What you need to do
What are the lines, word for word, from the line with "2015 Ford Escape" up to and including the line with "2018年11月30日下午,由东城区防治" in the records below? Omit the pictures.

Supplied information
+++

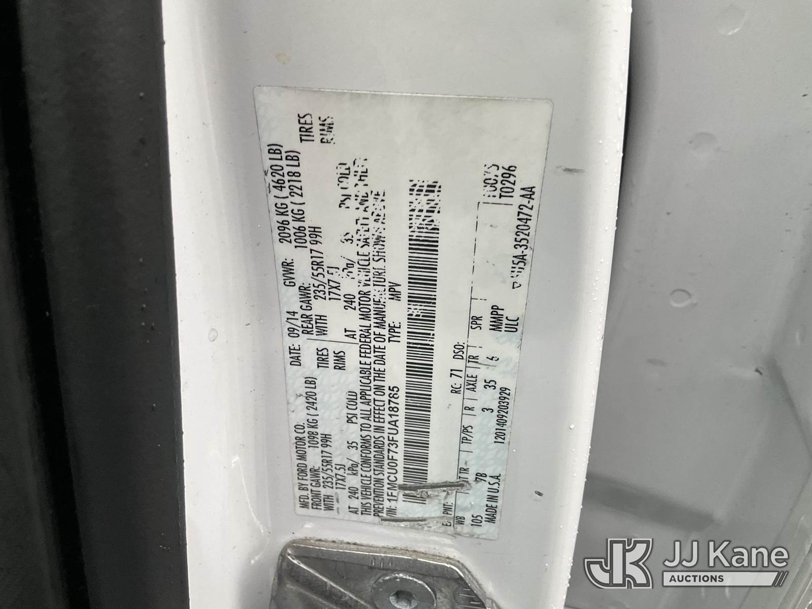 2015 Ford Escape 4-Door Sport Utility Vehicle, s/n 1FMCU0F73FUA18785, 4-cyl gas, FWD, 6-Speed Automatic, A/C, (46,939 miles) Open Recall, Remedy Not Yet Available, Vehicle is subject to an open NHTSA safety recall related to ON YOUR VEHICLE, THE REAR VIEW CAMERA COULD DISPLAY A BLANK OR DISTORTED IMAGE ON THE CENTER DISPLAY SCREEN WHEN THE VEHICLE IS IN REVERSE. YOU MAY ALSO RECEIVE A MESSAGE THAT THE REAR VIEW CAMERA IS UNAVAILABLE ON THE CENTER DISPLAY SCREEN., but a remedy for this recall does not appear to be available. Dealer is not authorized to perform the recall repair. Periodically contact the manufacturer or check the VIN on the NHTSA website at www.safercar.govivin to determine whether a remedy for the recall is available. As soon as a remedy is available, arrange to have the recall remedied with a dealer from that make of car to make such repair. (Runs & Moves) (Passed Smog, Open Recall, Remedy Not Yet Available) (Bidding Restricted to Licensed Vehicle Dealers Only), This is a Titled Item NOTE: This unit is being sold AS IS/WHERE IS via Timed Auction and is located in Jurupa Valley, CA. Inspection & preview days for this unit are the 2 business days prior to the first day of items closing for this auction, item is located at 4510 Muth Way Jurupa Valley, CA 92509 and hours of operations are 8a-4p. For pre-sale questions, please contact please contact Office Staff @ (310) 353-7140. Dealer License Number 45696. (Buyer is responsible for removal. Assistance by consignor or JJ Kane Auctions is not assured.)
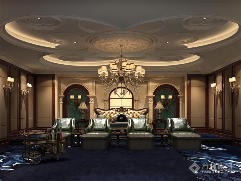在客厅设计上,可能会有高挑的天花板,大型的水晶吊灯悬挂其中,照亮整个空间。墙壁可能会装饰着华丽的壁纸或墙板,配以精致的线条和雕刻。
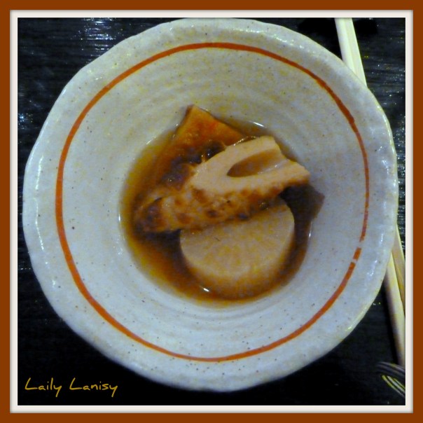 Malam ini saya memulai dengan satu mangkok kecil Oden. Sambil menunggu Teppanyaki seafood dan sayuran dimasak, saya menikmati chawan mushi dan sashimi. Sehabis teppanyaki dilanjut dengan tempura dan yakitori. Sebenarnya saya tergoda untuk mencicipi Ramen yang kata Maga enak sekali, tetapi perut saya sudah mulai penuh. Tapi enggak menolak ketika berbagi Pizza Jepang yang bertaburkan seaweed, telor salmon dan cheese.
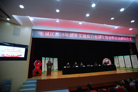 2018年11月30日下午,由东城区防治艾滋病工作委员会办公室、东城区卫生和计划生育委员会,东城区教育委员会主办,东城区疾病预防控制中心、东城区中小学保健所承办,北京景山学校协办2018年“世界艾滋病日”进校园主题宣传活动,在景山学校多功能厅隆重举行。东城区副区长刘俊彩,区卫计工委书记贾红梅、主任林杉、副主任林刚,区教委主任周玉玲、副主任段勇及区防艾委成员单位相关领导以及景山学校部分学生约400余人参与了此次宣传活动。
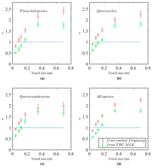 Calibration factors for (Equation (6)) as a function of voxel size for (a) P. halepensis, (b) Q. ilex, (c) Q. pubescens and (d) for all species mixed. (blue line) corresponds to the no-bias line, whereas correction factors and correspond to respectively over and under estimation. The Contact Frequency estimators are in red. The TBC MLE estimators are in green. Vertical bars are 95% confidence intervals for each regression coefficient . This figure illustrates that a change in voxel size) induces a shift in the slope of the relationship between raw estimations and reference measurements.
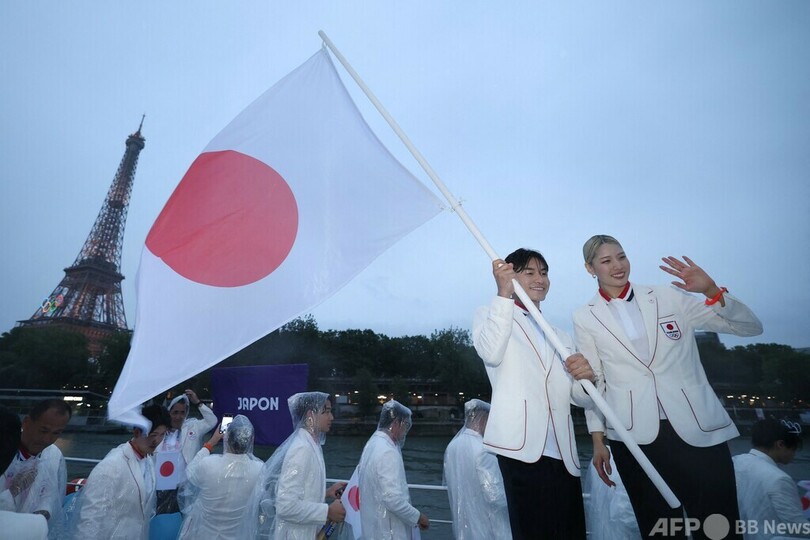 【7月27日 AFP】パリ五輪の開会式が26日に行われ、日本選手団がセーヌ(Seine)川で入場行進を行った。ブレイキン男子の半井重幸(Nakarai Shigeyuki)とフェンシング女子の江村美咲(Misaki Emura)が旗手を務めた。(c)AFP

+++

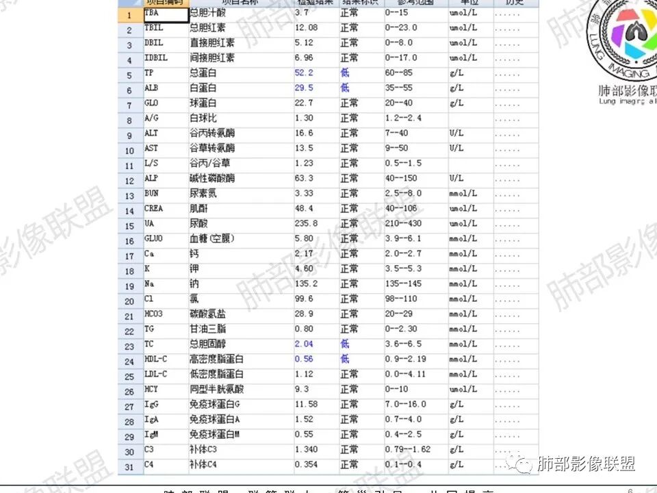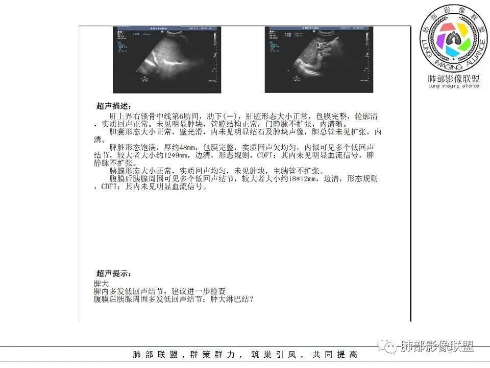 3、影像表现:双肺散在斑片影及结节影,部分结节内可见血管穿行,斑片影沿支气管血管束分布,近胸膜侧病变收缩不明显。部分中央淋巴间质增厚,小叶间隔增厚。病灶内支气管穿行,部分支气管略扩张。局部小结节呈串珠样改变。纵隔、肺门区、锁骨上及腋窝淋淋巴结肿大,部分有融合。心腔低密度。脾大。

+++

Exercise output
 2015 Ford Escape 4-Door Sport Utility Vehicle, s/n 1FMCU0F73FUA18785, 4-cyl gas, FWD, 6-Speed Automatic, A/C, (46,939 miles) Open Recall, Remedy Not Yet Available, Vehicle is subject to an open NHTSA safety recall related to ON YOUR VEHICLE, THE REAR VIEW CAMERA COULD DISPLAY A BLANK OR DISTORTED IMAGE ON THE CENTER DISPLAY SCREEN WHEN THE VEHICLE IS IN REVERSE. YOU MAY ALSO RECEIVE A MESSAGE THAT THE REAR VIEW CAMERA IS UNAVAILABLE ON THE CENTER DISPLAY SCREEN., but a remedy for this recall does not appear to be available. Dealer is not authorized to perform the recall repair. Periodically contact the manufacturer or check the VIN on the NHTSA website at www.safercar.govivin to determine whether a remedy for the recall is available. As soon as a remedy is available, arrange to have the recall remedied with a dealer from that make of car to make such repair. (Runs & Moves) (Passed Smog, Open Recall, Remedy Not Yet Available) (Bidding Restricted to Licensed Vehicle Dealers Only), This is a Titled Item NOTE: This unit is being sold AS IS/WHERE IS via Timed Auction and is located in Jurupa Valley, CA. Inspection & preview days for this unit are the 2 business days prior to the first day of items closing for this auction, item is located at 4510 Muth Way Jurupa Valley, CA 92509 and hours of operations are 8a-4p. For pre-sale questions, please contact please contact Office Staff @ (310) 353-7140. Dealer License Number 45696. (Buyer is responsible for removal. Assistance by consignor or JJ Kane Auctions is not assured.)
在客厅设计上,可能会有高挑的天花板,大型的水晶吊灯悬挂其中,照亮整个空间。墙壁可能会装饰着华丽的壁纸或墙板,配以精致的线条和雕刻。
 Malam ini saya memulai dengan satu mangkok kecil Oden. Sambil menunggu Teppanyaki seafood dan sayuran dimasak, saya menikmati chawan mushi dan sashimi. Sehabis teppanyaki dilanjut dengan tempura dan yakitori. Sebenarnya saya tergoda untuk mencicipi Ramen yang kata Maga enak sekali, tetapi perut saya sudah mulai penuh. Tapi enggak menolak ketika berbagi Pizza Jepang yang bertaburkan seaweed, telor salmon dan cheese.
 2018年11月30日下午,由东城区防治艾滋病工作委员会办公室、东城区卫生和计划生育委员会,东城区教育委员会主办,东城区疾病预防控制中心、东城区中小学保健所承办,北京景山学校协办2018年“世界艾滋病日”进校园主题宣传活动,在景山学校多功能厅隆重举行。东城区副区长刘俊彩,区卫计工委书记贾红梅、主任林杉、副主任林刚,区教委主任周玉玲、副主任段勇及区防艾委成员单位相关领导以及景山学校部分学生约400余人参与了此次宣传活动。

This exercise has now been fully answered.